A public forum for discussing the design of software, from the user interface to the code architecture. Now closed.

The "Design of Software" discussion group has been merged with the main Joel on Software discussion group.

The archives will remain online indefinitely.

need some help with SQL and sorting...

Hi all,  need some help here if anyone is able.

I have a CMS which has to generate a page tree structure from a database.  Each record in the database has an id as primary key, a parent (also an index) which indicates which page its a child of, and a navlevel which indicates how far down a branch its located.

At the moment its using a recursive loop which pulls a record and then loops back on itself to get any children of that record and so on.  Its been working well until we've got a site with about 100 or so pages, and we've moved the site to the live server (a shared box) and its pretty much ground to a halt.  It literally takes about 1 minute to generate this list.  I cannot believe we've had such a major performance hit, but I have to fix it very quickly.

This is the code its running at the moment, I've removed the CSS stuff to make it more readable but the rest is there.  Its classic ASP in vbscript.


Sub parentpage(id)

    Set RstObjTop=ConnObj.Execute("SELECT DISTINCT linktext, url, id, cms, parent, editable, navlevel, displayorder FROM sitepage WHERE parent=" & id & " ORDER BY id,displayorder")

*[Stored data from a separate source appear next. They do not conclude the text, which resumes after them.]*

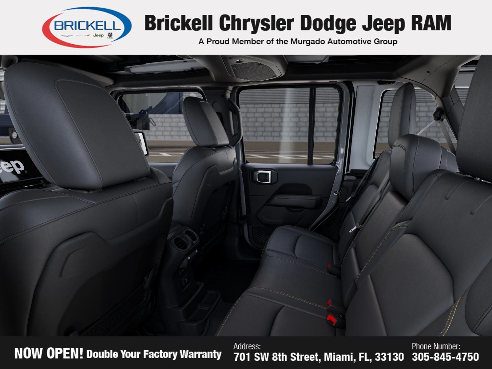 Price includes: $1000 - 2026 National Retail Bonus Cash . Exp. 04/30/2026 Discover Your Next Vehicle at Brickell Chrysler Dodge Jeep Ram Welcome to Brickell CDJR, where we go beyond selling cars. We double the factory powertrain warranty, giving you added peace of mind. Our dealership offers one of the largest new car inventories in the region, ensuring you find the right vehicle Prices displayed do not included our Perma-plate. Our state-of-the-art service department is the largest in the country and is open seven days a week from 7 AM to 9 PM. Visit us at 701 SW 8th St, Miami, FL 33130, or call 305-777-2800 to learn more and schedule a test drive. The displayed price includes an incentive for financing with Brickell CDJR Finance Company. Outside financing and bank drafts are not accepted. All pre-owned vehicle exports are subject to an export fee. Prices apply only to customers who live, work, or worship in Broward, Miami-Dade, Palm Beach, Monroe, Collier, Hendry, Lee, Glades, Martin, St. Lucie, Okeechobee, Manatee, Hillsborough, Osceola, or Orange County. Customers outside these counties will pay an additional $ Taxes, title, registration, and dealer fees apply. Factory MSRP: $57,460 Bright White Clearcoat 2026 Jeep Wrangler Sahara 4WD 8-Speed Automatic 2.0L I4 DOHC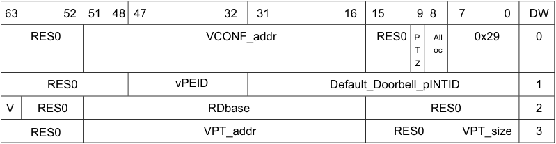 Scheduled vPE A virtual PE that is currently running on a physical PE. In GICv4, the scheduled vPE is specified by GICR_VPENDBASER.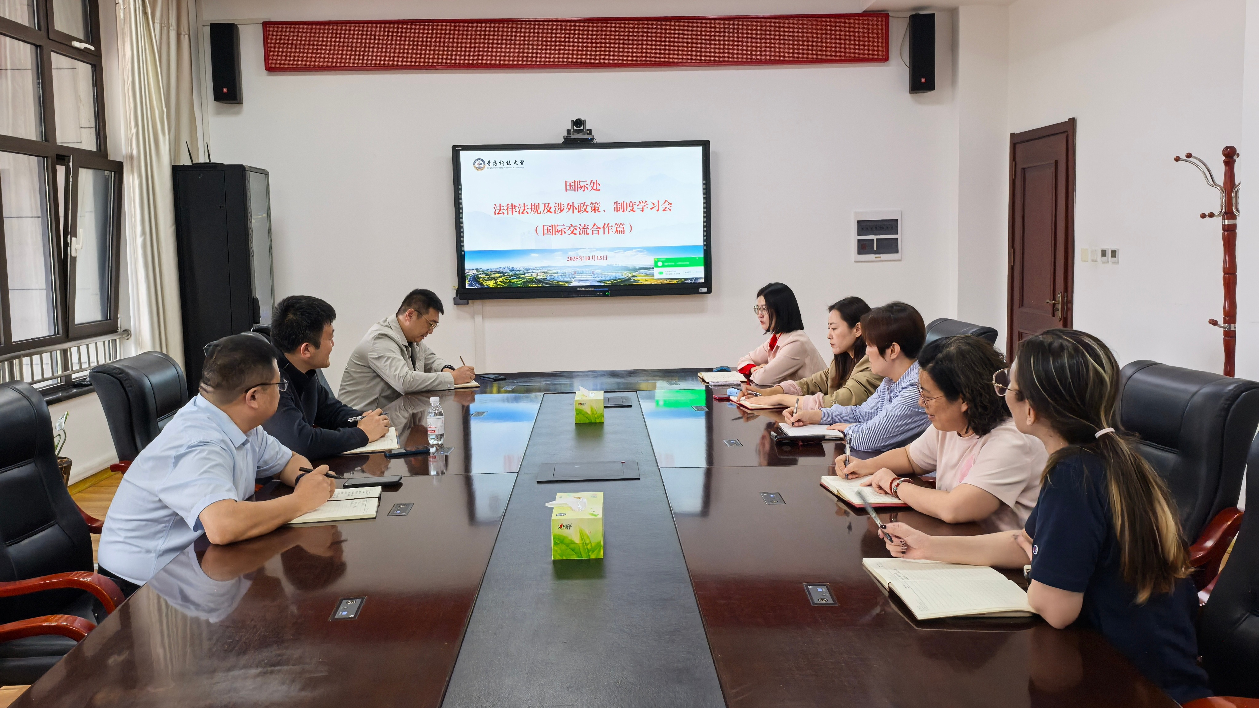 10月15日下午,国际处在综合服务楼2015会议室召开法律法规及涉外政策、制度学习会(国际交流合作篇)。国际处全体工作人员参加会议。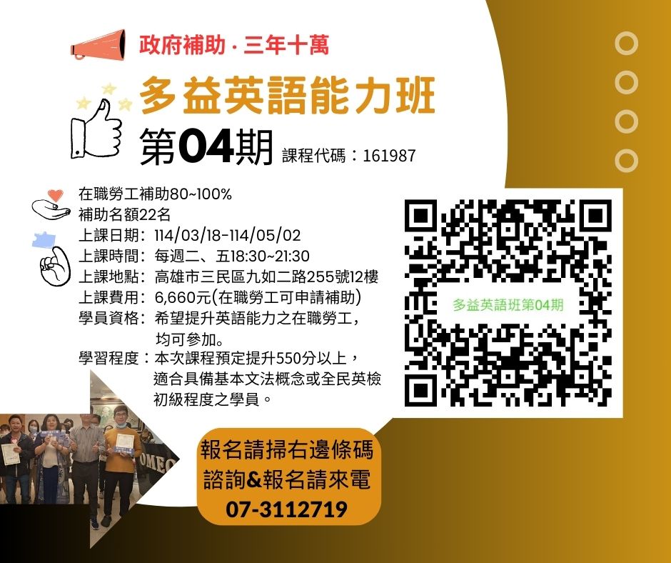 報名網址:https://ojt.wda.gov.tw/ClassSearch/Detail?OCID=161987&plantype=1&fbclid=IwZXh0bgNhZW0CMTAAAR2L48X230Avkuf7ULVcFCo-3nPGWhIpx9YfGf8ZbwF_97b7g_KjuLr0sQ0_aem_kos19An5w960q2c4QOqMfQ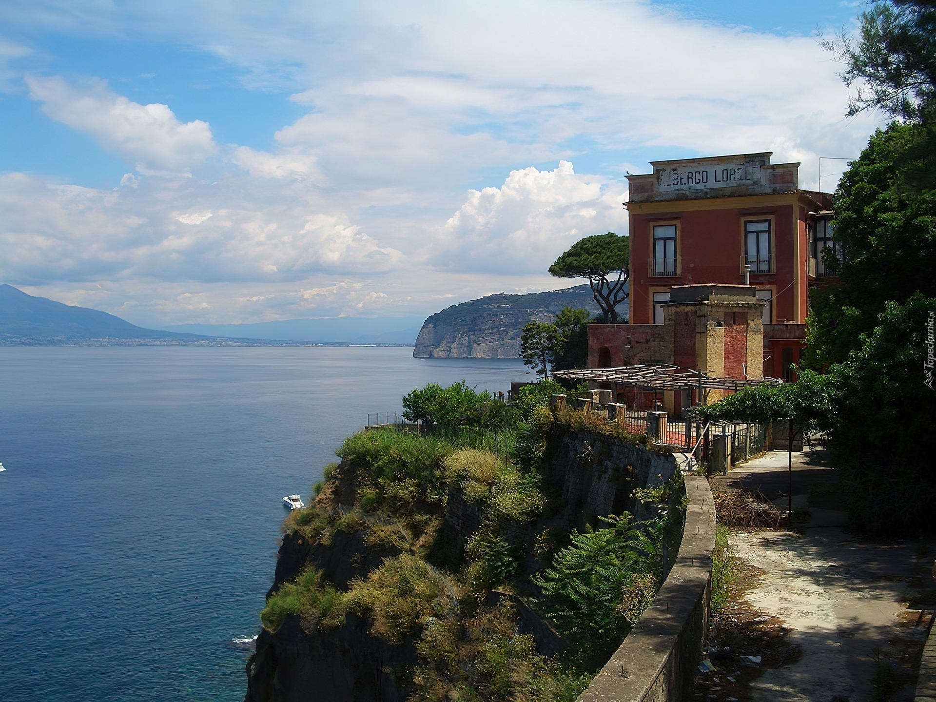Edytor tapety: Sorrento, Włochy, Woda, Dom, Murek, Drzewa, Krzaki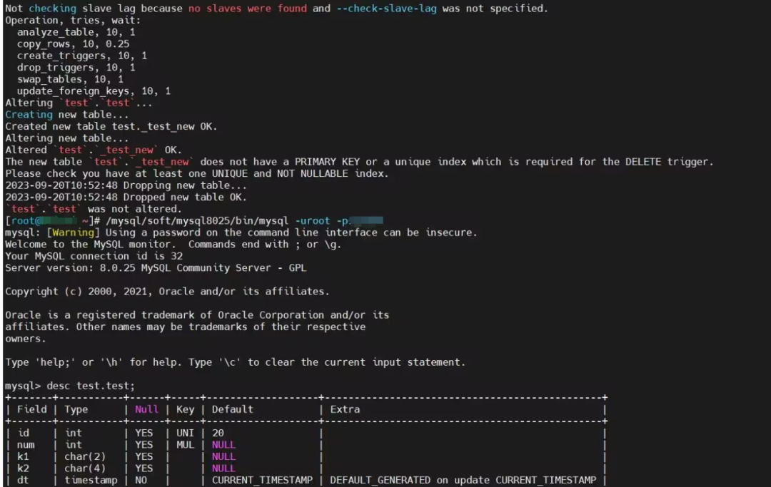 当然,看版本是MySQL 8.0.25,已经支持快速加列了,可以直接加列,不需要用pt-osc。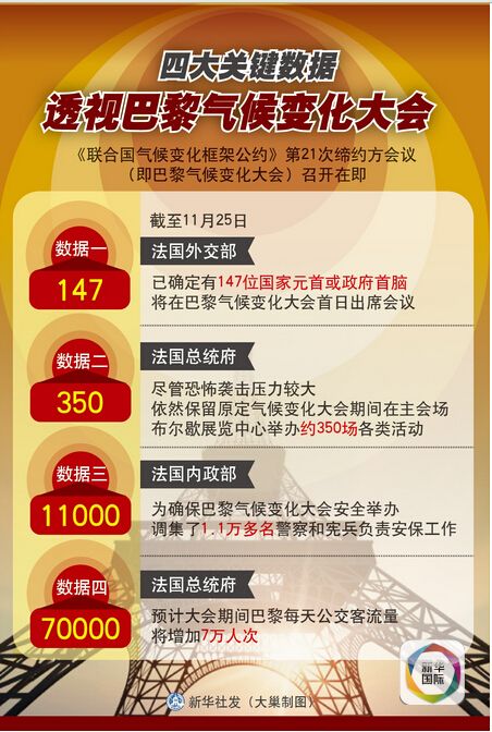 解读:截至11月26日,147国元首或政府首脑确认出席巴黎大会,167国提交国家自主贡献文件,195国和欧盟将派代表团与会。这样广泛的参与度,对国际社会协同能力构成巨大考验。中方一贯积极参与公约框架下有关谈判,致力于推动构建公平合理、合作共赢的全球气候治理体系。但气候协议需要全体参会方的认可,巴黎谈判能否成功,不由某个或某几个大国说了算,而将是世界各国共同努力的结果。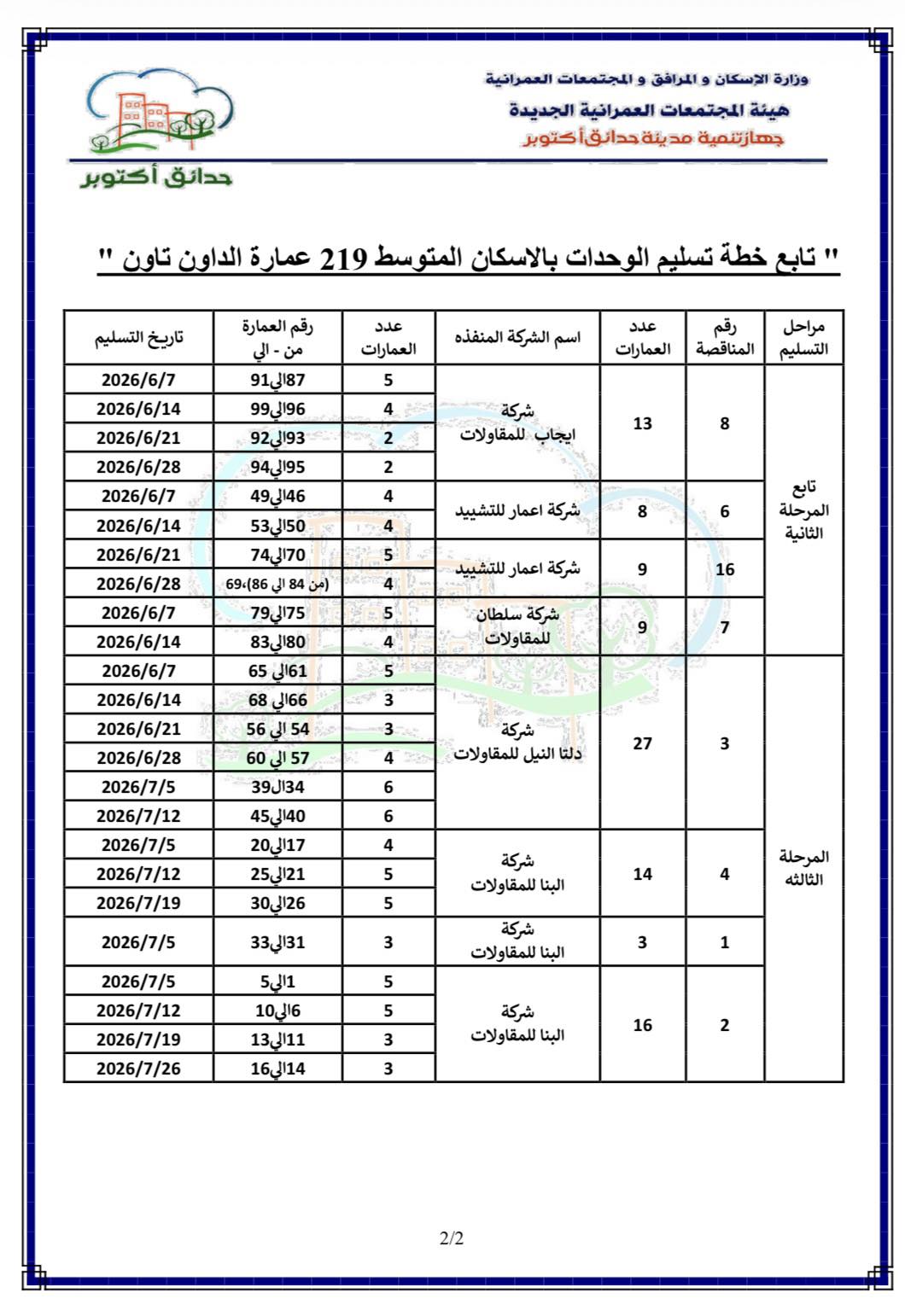 كما تم تجهيز عدد ١٧ عمارة بعدد ٤٠٨ وحدة سكنية تم البدء فى تسليمها فى فبراير ٢٠٢٦، وعدد ١٦ عمارة بعدد ٣٨٤ سكنية جارى تسليمها فى مارس الحالي، وأفادت إدارة الإسكان والخدمات بأنه تم تسليم عدد ٧٤٠ وحدة سكنية لمستحقيها حتى تاريخه وذلك بعد إتمام إجراءات التعاقد على عدادات الكهرباء والمياه والغاز.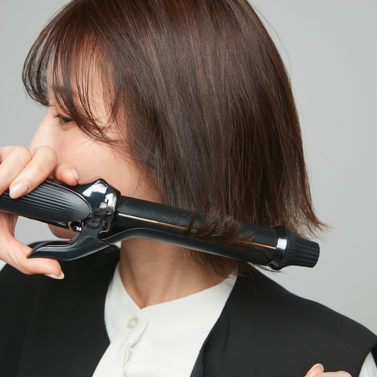 ①26㎜のアイロンを使い、全体の毛先を外ハネにする。ストレートアイロンでもOKだが、カールアイロンのほうがよりしっかりとしたカールを作ることができる。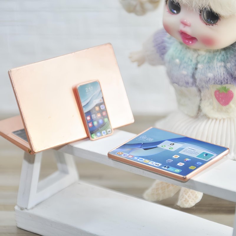 Dollhouse Decoration Miniature Accessories Dollhouse Worlds Smallest Computer Laptop Tablet Phone Simulation Accessories for Doll 1:6 1:12 Miniatures Play Set (Rose Golden)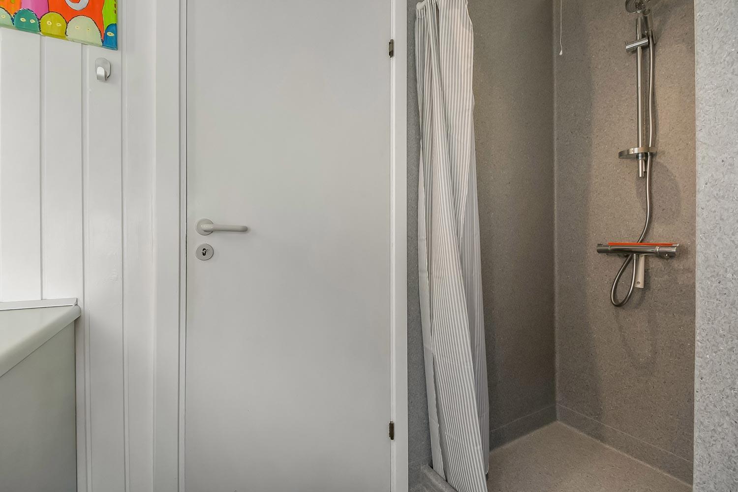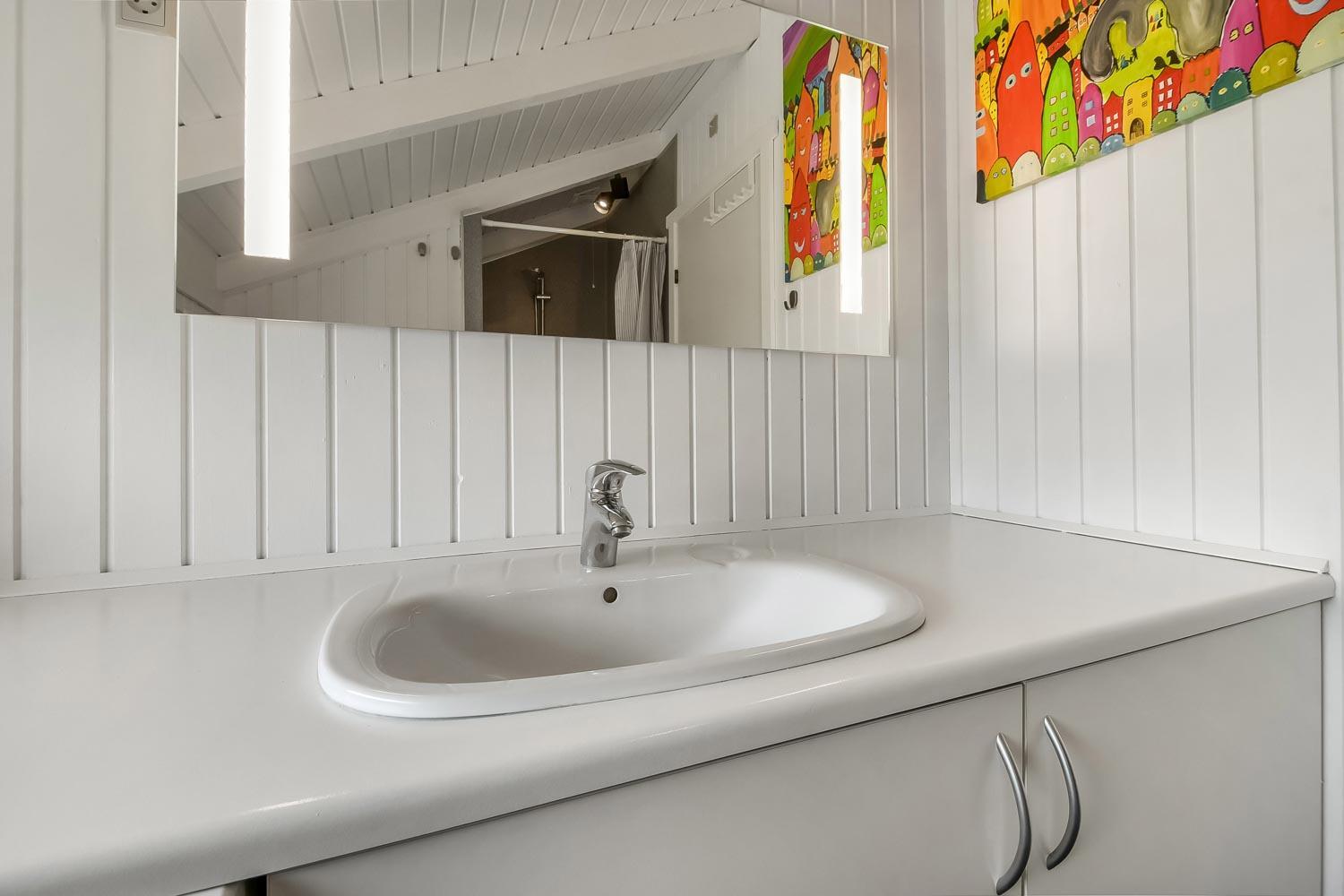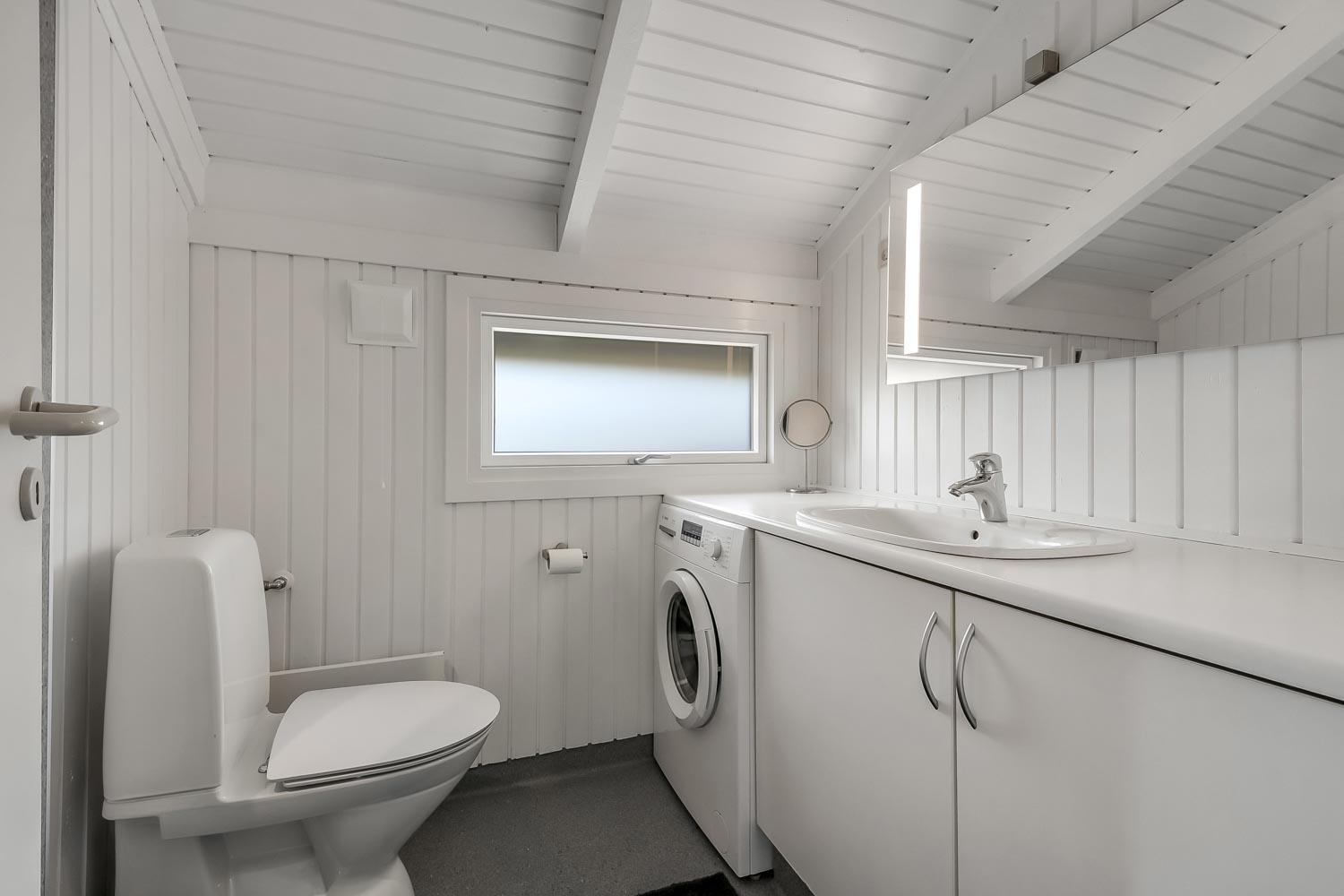 Badeværelset er indrettet med toilet, håndvask og ny brusekabine samt vaskemaskine. Huset er desuden udstyret med en varmepumpe, der giver mulighed for at holde energiforbruget nede, uden at det går ud over komforten.
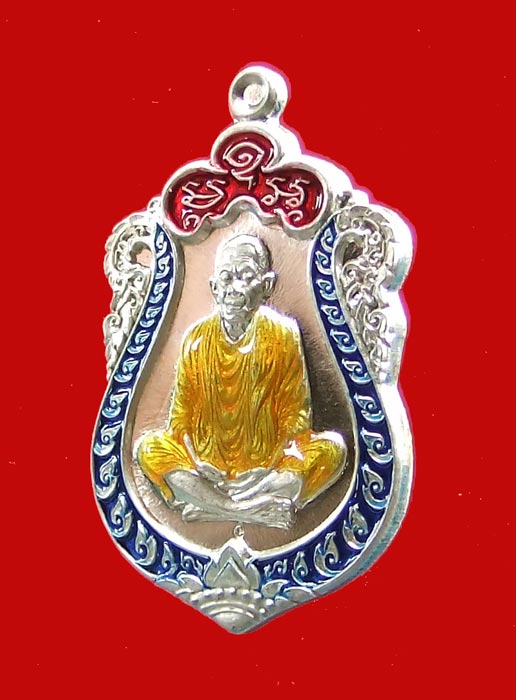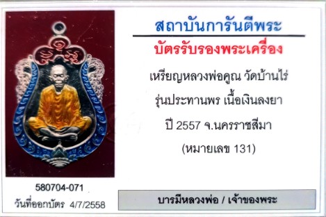 หลวงพ่อคูณ เสมาประทานพร เนื้อเงินลงงยา 3 สี แยกจากชุดกรรมการ หมายเลข ๑๓๑ พร้อมบัตรรับรอง |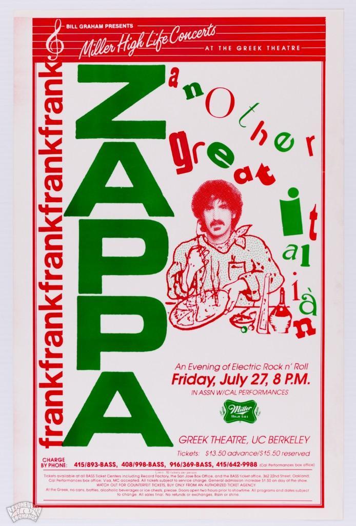 An original Frank Zappa concert poster in museum quality condition with no tears or pinholes! This show took place at the historic Greek Theatre on July 27th 1984. Original printing, legendary band, iconic venue, high quality condition... this lot has all the bases covered!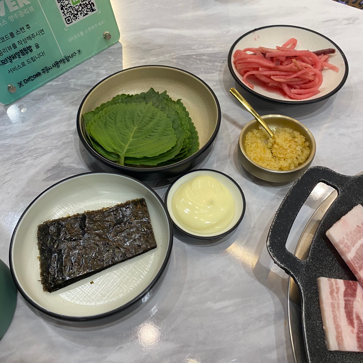 쭈삼을 더더더 맛있게 먹기 위해 필요한 깻잎, 김, 날치알, 무채, 화이트 소스 ♥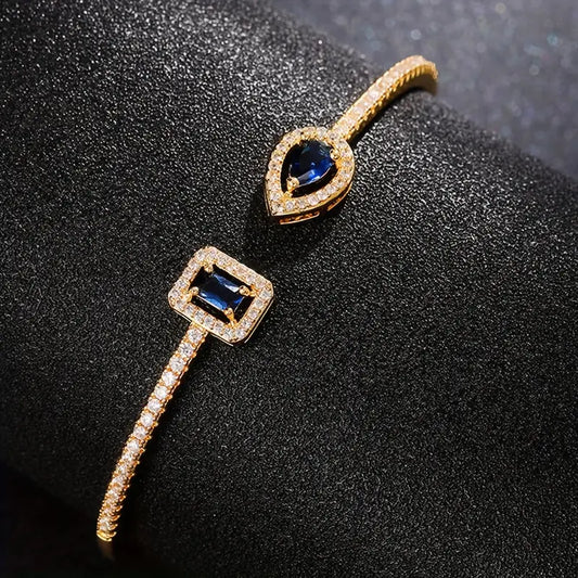 Zircon Cuff Bangle - Women's Geometric Jewelry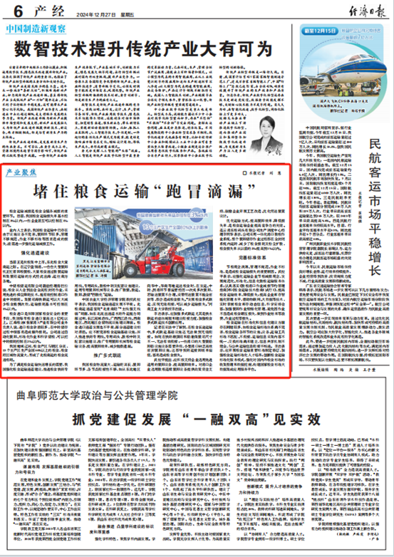 12月27日,《经济日报》以“堵住粮食运输跑冒滴漏”为题,就粮食运输减损问题采访我校李治教授,刊登了其在粮食运输减损领域的理论研究和学术观点。

    If Not RstObjTop.EOF then
        Do Until RstObjTop.EOF

                <option value="<%=RstObjTop("id")%>"><%=RstObjTop("linktext")%></option>

'-----    call the function again
            parentpage RstObjTop("id")
    End If
End Sub


My other question is obviously, is there a way I could just grab all the pages from the table in one go, then use a sort routine to put them in order?  Can someone suggest a way to do that?  The data looks something like this:

1    parent0
2    parent0
3    parent0
4    parent0
5    parent2
6    parennt2
7    parent3
8    parent4

and it needs to be output like this:

- 5
- 6
- 7
- 8

so it ends up like a navigation tree...

Any help much appreciated
Friday, April 21, 2006
Generally, a DISTINCT statement indicates redundancy that couldn't be filtered a better way.  I know what you are doing... you have multiple edits of a particular page in your database and you want to find the latest one... you ought to think about marking the previous pages deleted when you add a new version... and then remove the DISTINCT statement and 'ORDER BY id'...

It may not be a huge gain... but generally allowing the database to do a 'WHERE isDeleted = 0' is going to be much faster than it doing it's own recursive magic to discard the rows that are redundant.

Above that, you might want to consider an elaborate sub query to determine if a particular page has any sub-pages in the first query of the page... so that an unnecessary query is avoided.
Phillip Zedalis Send private email
Friday, April 21, 2006
I actually don't have multiple copies of the pages in the database, I just have this table with one copy of the pages in, there's 100 pages so I have 100 records.  It just needs to get them out in the right order so I have to so a recursion and call the SELECT multiple times.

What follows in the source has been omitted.